A  Shoshone pine nut winnowing basket (photo from ISU 
museum). Its shape is specifically designed for the winnowing motion. We can think of the rim of the winnowing basket as a rose-petal shape, pointed at one end and broad at the other. The wild rose is an important plant in Shoshone culture.

A common way to make such petal shapes in mathematics is by graphing in polar coordinates. The polar coordinate system is very similar to the Shoshone basket-making technique: 

 Note that mesh inside the basket originates from the many struts attached to the pointed end of the petal. In the same way, the polar coordinate system always has the radius attached to the origin point.

Here is a polar graph of the function radius = cos(2*theta)+0.8. Shoshone basket makers have to figure out how long each strut would be for each angle theta, just as the function tells you the radius for each theta value.

The basket depth is created by having strut length longer than the radius across the plane of the basket rim.
Now lets make a winnowing basket!

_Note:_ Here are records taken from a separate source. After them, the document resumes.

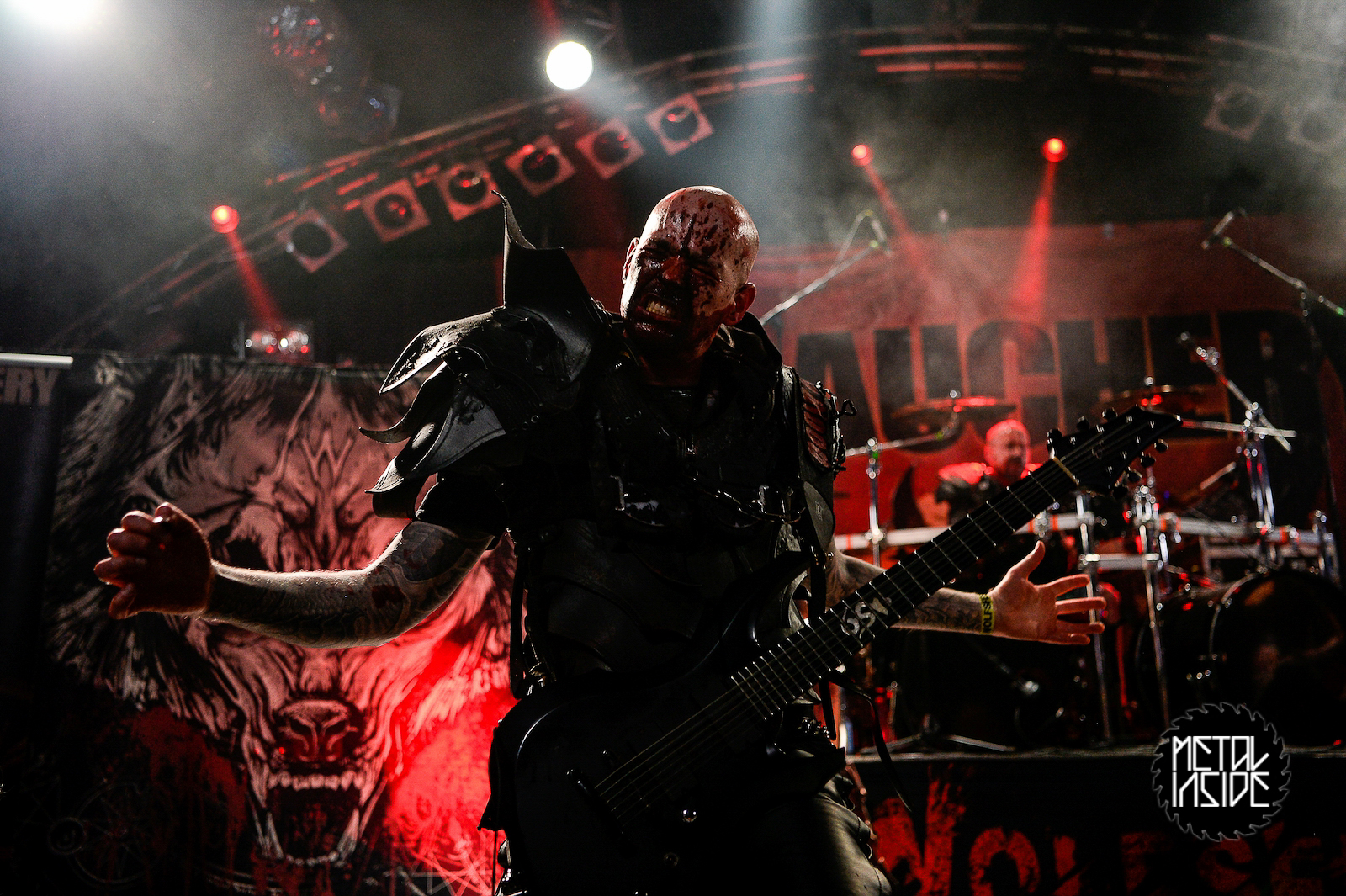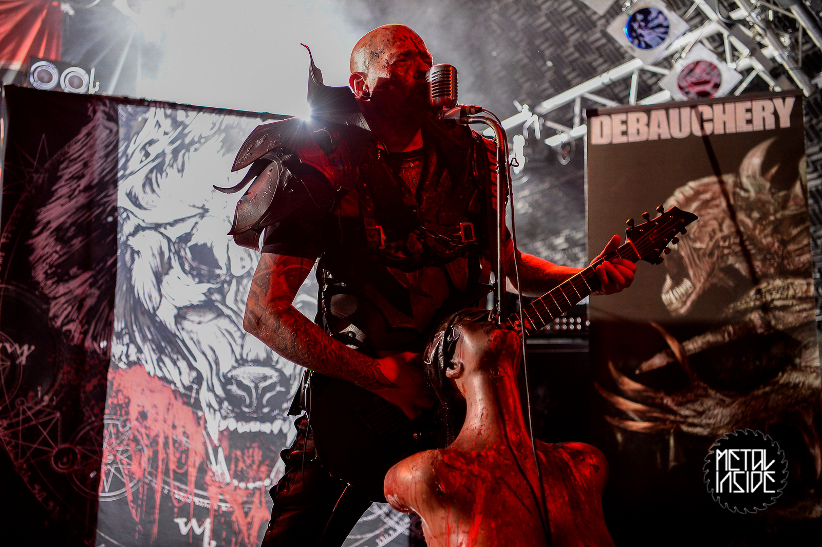 Eine wieder recht kurze Umbaupause und mit DEBAUCHERY wurde es jetzt so richtig Düster (mit einem großen D!). Der Dreier aus Stuttgart überzeugte nicht nur wegen des Bühnenbilds, sondern auch mit dem in Kunstblut getränkten Outfits. Sänger Blood God zeigte eine tolle Show und ließ seine starke Stimme auf jedem Abschnitt der Bühne präsent sein, wobei ihm drei Mikroständer halfe. Ein schönes Death Metal/ Death´n'Roll Konzert.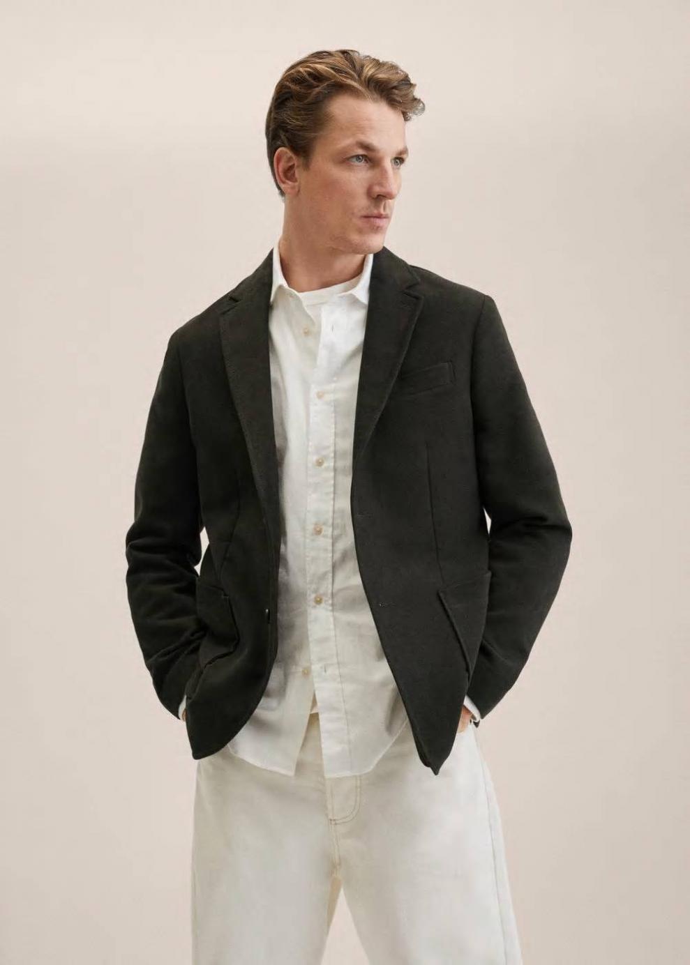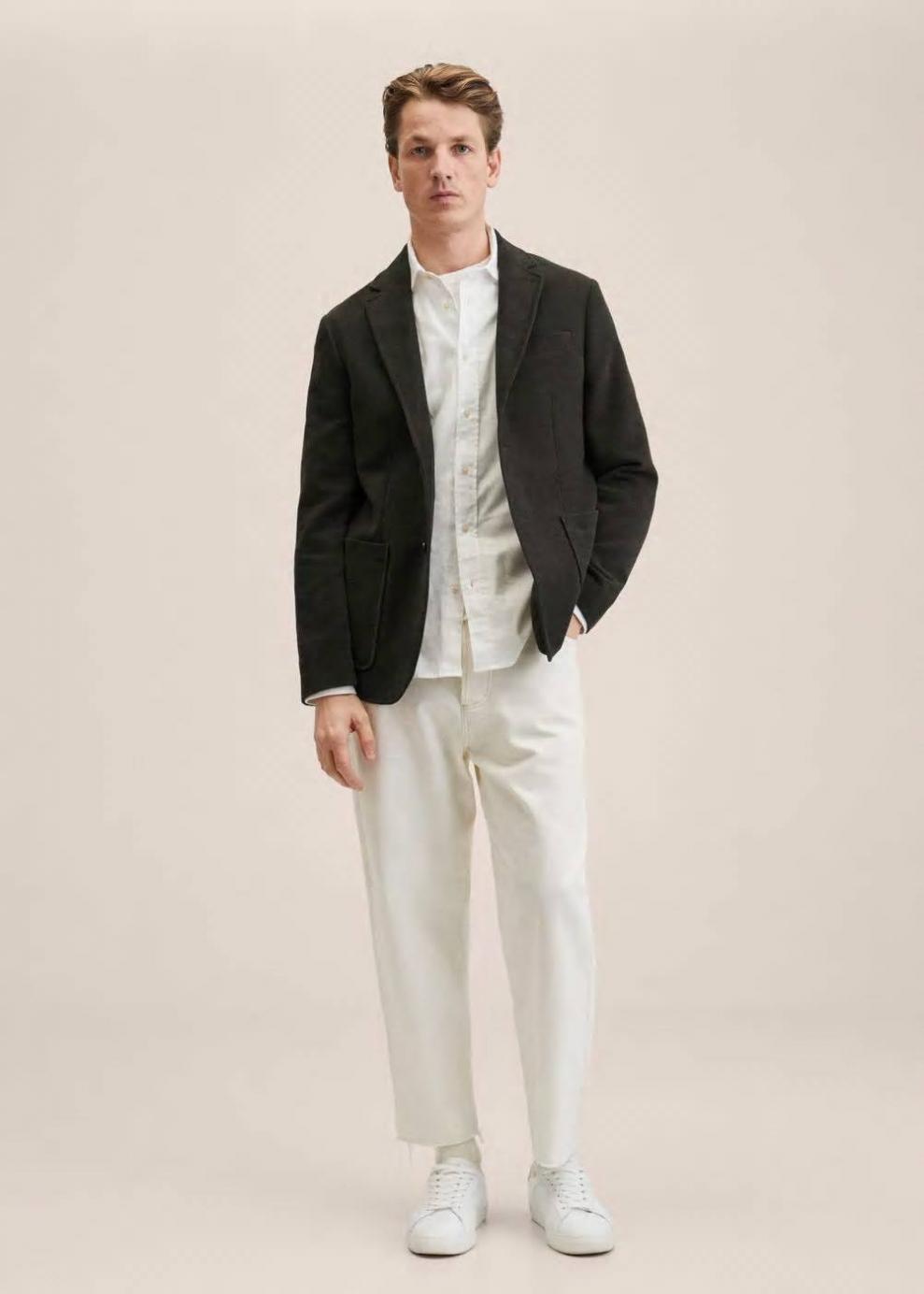 Slim fit Tejido de algodón sostenible Solapas con muesca Manga larga abotonada Bolsillo de ribete en el pecho Dos bolsillos de parche laterales Cierre de botones Forro interior Abertura posterior El modelo mide 185 cm y lleva una talla 50 Las prendas etiquetadas como Committed son productos que han sido confeccionadas con fibras y/o procesos de producción sostenible, reduciendo así su impacto ambiental. El objetivo de Mango es respaldar la implementación de prácticas más comprometidas con el medio ambiente, aumentando así, el número de prendas sostenibles en su colección.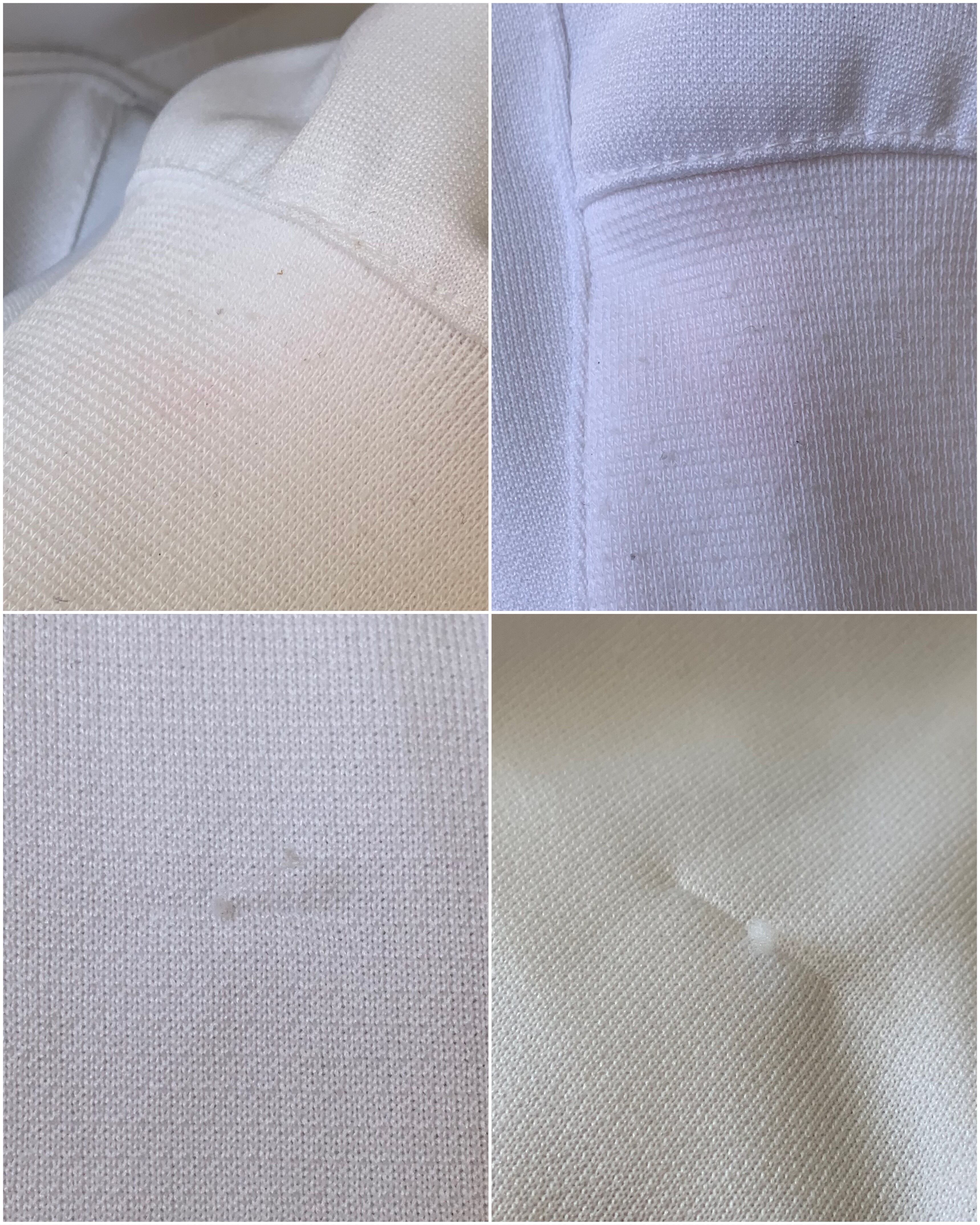 ユーズドで目立たない赤の色移りがあります。表面に多少の生地のほつれがありますが特に気になる汚れやダメージはありません。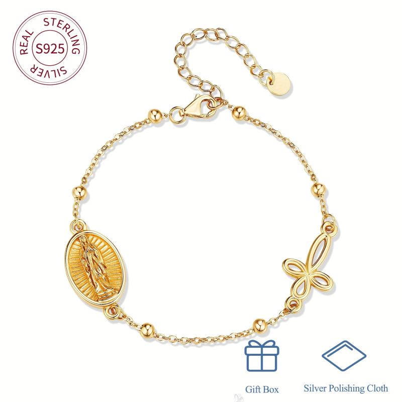 Virgin Mary Bracelet S925 Sterling Silver Cross Link Bracelets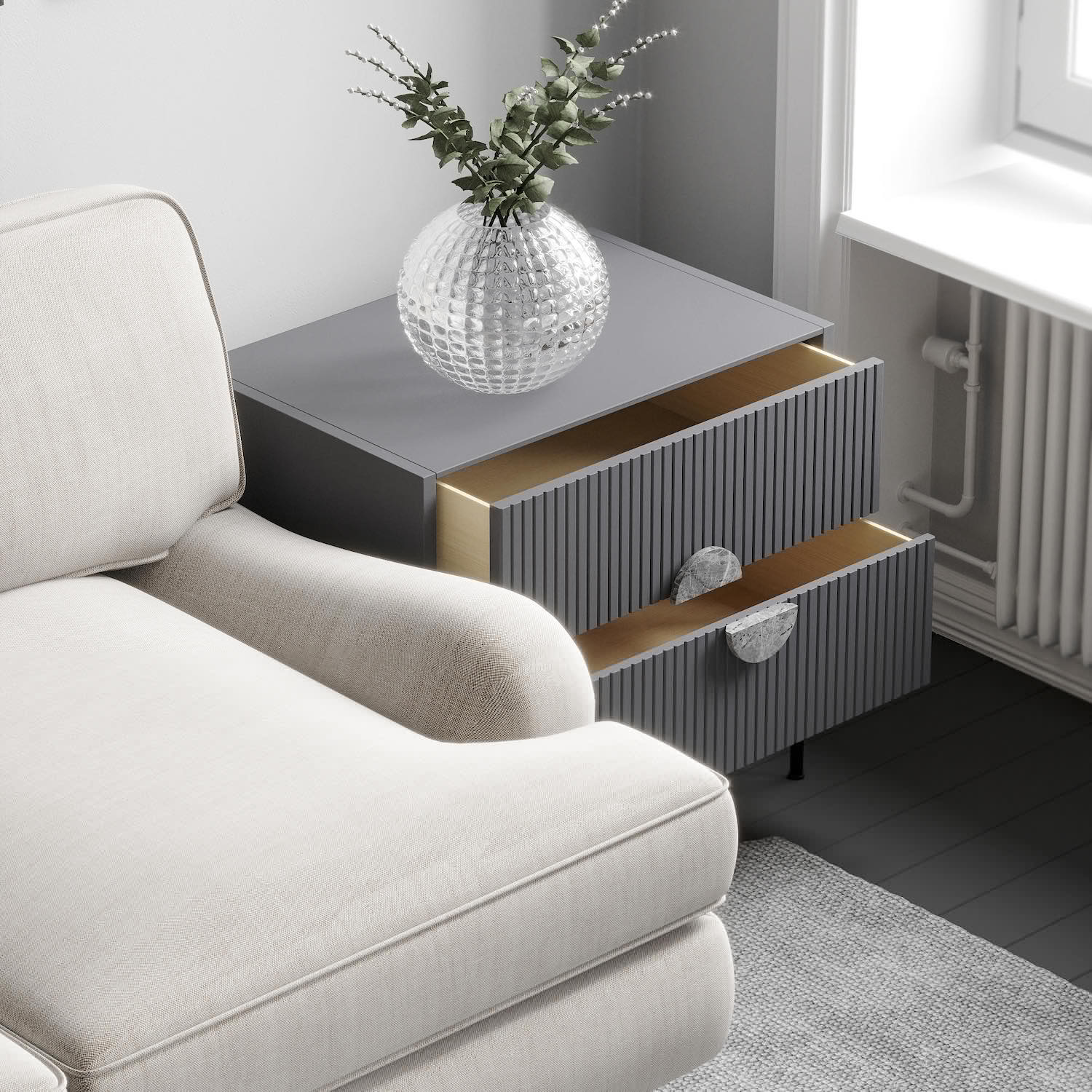 Выдвижные ящики оснащены доводчиками Корпус эмаль ral 7015, ножки- черная эмаль, ral 9011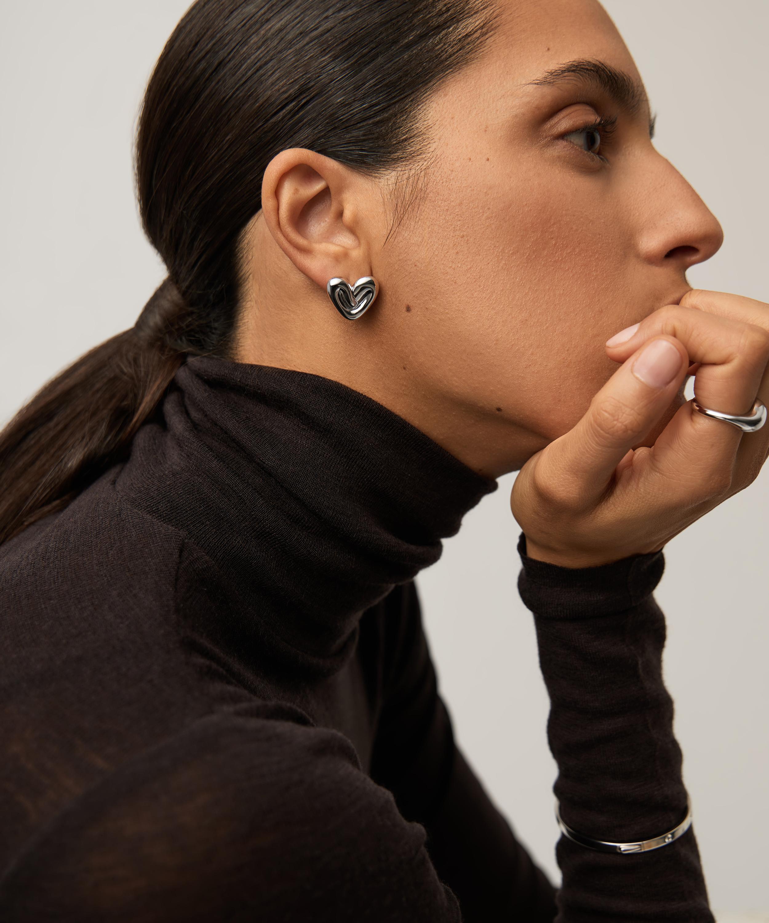 Designed for every love story, each stud is exquisitely crafted from rhodium-plated brass, featuring a sculptural, puffy heart. Treat yourself to this lovely pair or capture a loved one’s heart. They can be styled solo, or incorporated into an ear stack.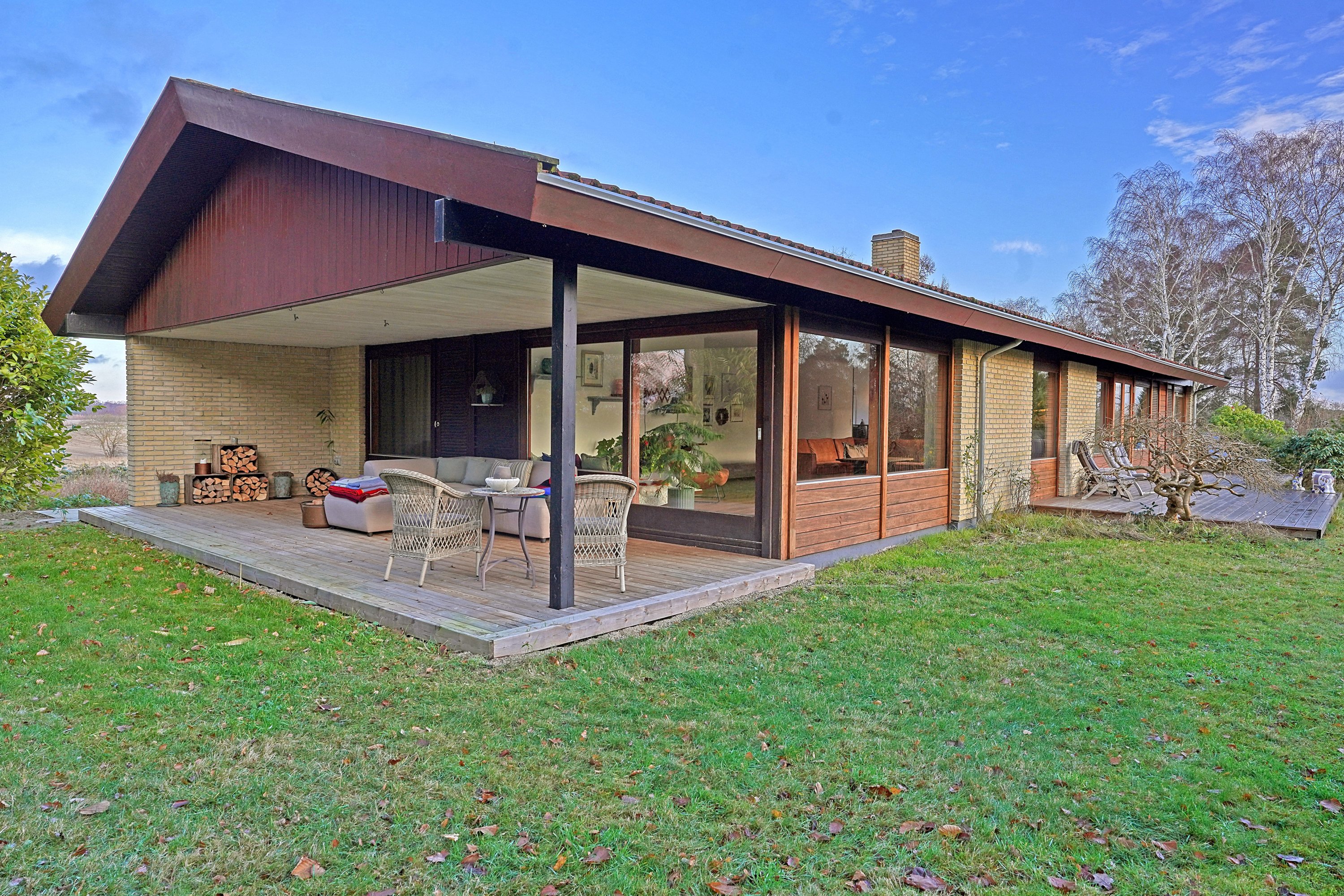 Udelivet er tænkt med i alle detaljer. Fra stuen er der udgang til en stor, overdækket terrasse, der forlænger sæsonen og skaber en lun base fra tidligt forår til langt ind i efteråret. Fra alrummet kan I træde direkte ud på en solrig terrasse med lys det meste af dagen, og på den modsatte side af huset finder I endnu et terrassemiljø, hvor udsigten til den åbne natur er helt betagende – et sted, hvor dagens tempo sænkes helt af sig selv.
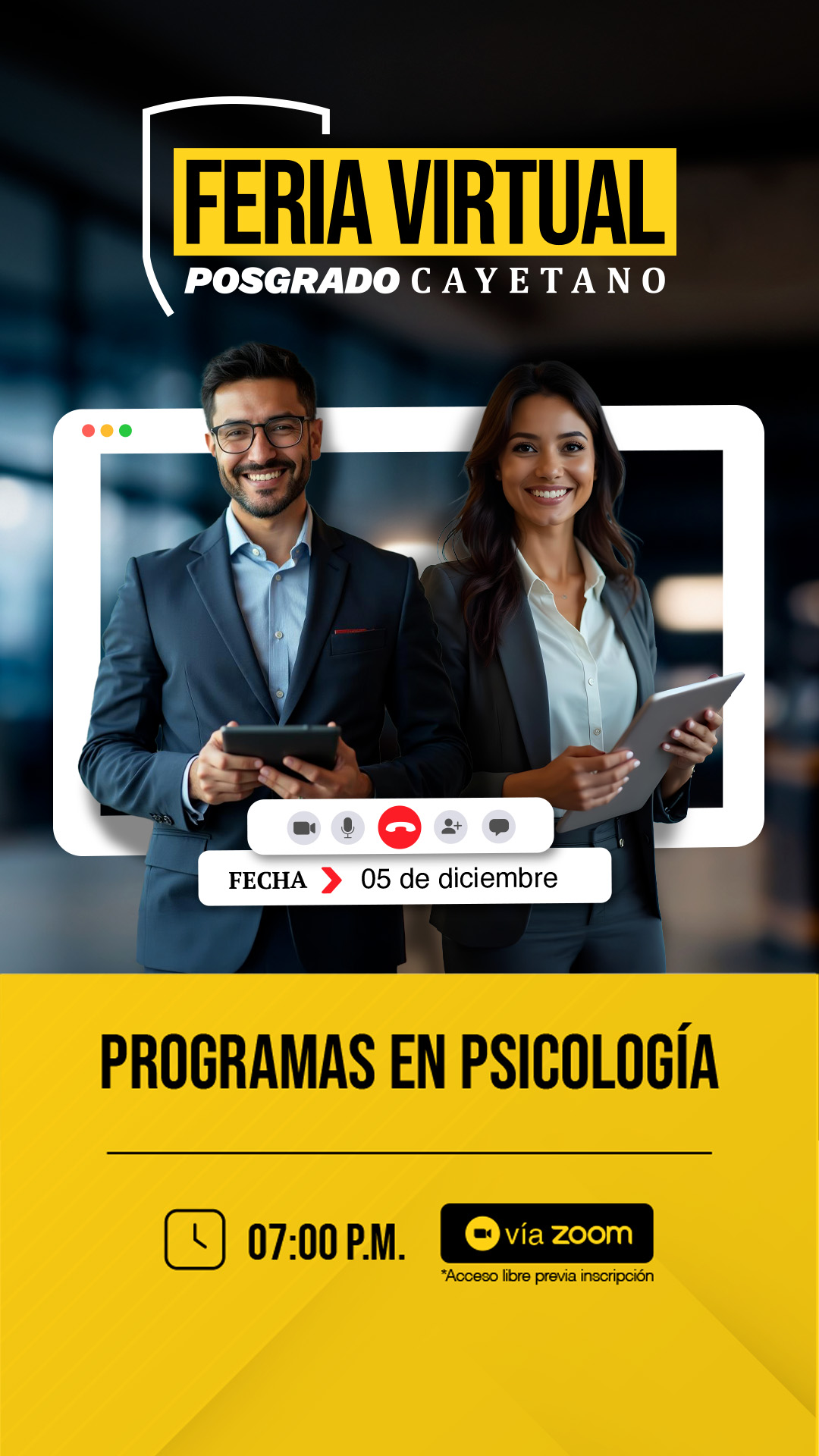 La Facultad de Psicología anuncia la realización de la Feria Virtual de los Programas de Maestrías y Doctorado en Psicología, a desarrollarse el miércoles 26 de noviembre a las 19:00 horas. La actividad tiene como finalidad brindar información detallada sobre la oferta académica de posgrado, sus enfoques formativos y las oportunidades de especialización que contribuyen al fortalecimiento del desarrollo profesional de los participantes.

Go to the simulation window and experiment with the following parameters: 

length =_____
depth =_____
shape: s =_____ 
trim = _____
number of lines across width: n =____
number of across length: m =____

Use the mouse to change a value, then hit "enter" (you may have to do that more than once, check to see if the cursor is changed to an hourglass, if so just wait). 

Try to see how close you can get the simulation to look like the original.

Try to create a totally new shape of your own design.

To save the image, left-click on it and "copy."
Then paste into our collection. Don't forget to type your name underneath.